Reputation: 11725
I have the following query
SELECT FROM Post
WHERE activityLog IS NOT NULL
AND activityLog_pointerProcessed IS NULL
LIMIT 1000
The properties are defined as
CREATE PROPERTY Post.activityLog_pointerProcessed BOOLEAN
CREATE PROPERTY Post.activityLog EMBEDDEDMAP EMBEDDEDMAP
However, it seems to be running fairly slowly. I have added the following index
CREATE INDEX Post_activityLog_pointerProcessed
ON Post (activityLog, activityLog_pointerProcessed)
NOTUNIQUE_HASH_INDEX
I'm wondering if this is the optimal index for this scenario or if there's a different way to set this up. The Post class is still filling up but currently has 2 million rows. The query takes ~5-10 seconds to run.
Here's what I get when I explain
it
orientdb {pumpup}> explain SELECT FROM Post WHERE activityLog IS NOT NULL AND activityLog_pointerProcessed IS NULL LIMIT 1000
Profiled command '{documentReads:378236,current:#22:378235,documentAnalyzedCompatibleClass:378236,recordReads:378236,fetchingFromTargetElapsed:337922,evaluated:378236,elapsed:337922.88,resultType:collection,resultSize:1000}' in 338.688995 sec(s): {"@type":"d","@version":0,"documentReads":378236,"current":"#22:378235","documentAnalyzedCompatibleClass":378236,"recordReads":378236,"fetchingFromTargetElapsed":337922,"evaluated":378236,"elapsed":337922.88,"resultType":"collection","resultSize":1000,"@fieldTypes":"documentReads=l,documentAnalyzedCompatibleClass=l,recordReads=l,fetchingFromTargetElapsed=l,evaluated=l,elapsed=f"}
Upvotes: 1
Views: 1187
Reputation: 9060
By reading the explain result, the index hasn't been used and 378,236 documents were scanned.
The activityLog property has been declared as an EMBEDDEDMAP, so the internal values are indexed, not the fact the collection is null. I don't think it will work, but make a try enabling null values on index:
https://github.com/orientechnologies/orientdb/wiki/Indexes#null-values
Probably the best for this case is saving another boolean value "activityLog.empty" to be indexed and retrieve your query much faster.
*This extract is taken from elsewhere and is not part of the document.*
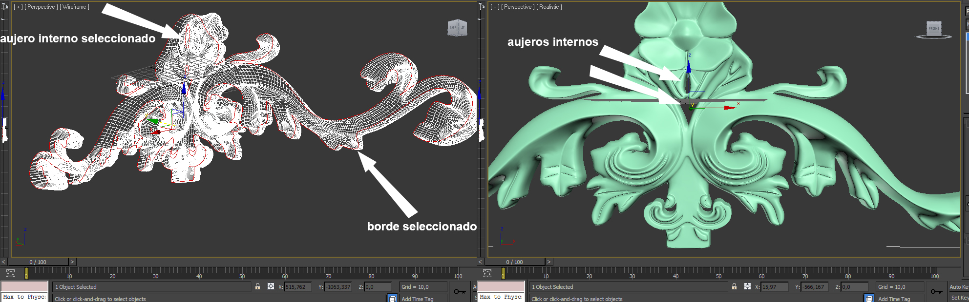 El procedimieto que sigo para alizar esto es que mi malla en la parte trasera esta descubierta entonces convirtiendo mi modelo a editable poli voy al nivel border y con el selecciono la orilla de la parte descubierta de mi malla qué es lo que muestro en la primera imagen que adjunto no sé si se alcance a distinguir la línea roja qué muestra lo que eh seleccionado, después únicamente pongo un Cap y se rellena, pero aún si selecciono también los bordes internos, igual me los rellena, no sé cómo hacer para dejar estos huecos que necesito, muestro el modelo por la parte frontal en donde se ven dónde están los huecos, bajo la flor y otro más que está un poco más abajo.

CREATE PROPERTY Post.activityLogEmpty BOOLEAN
CREATE INDEX Post_activityLog_pointerProcessed ON Post (activityLogEmpty, activityLog_pointerProcessed)
NOTUNIQUE_HASH_INDEX
On creation set the property "activityLogEmpty" to FALSE and as soon as you populate the "activityLog" collection set it to true.
Upvotes: 2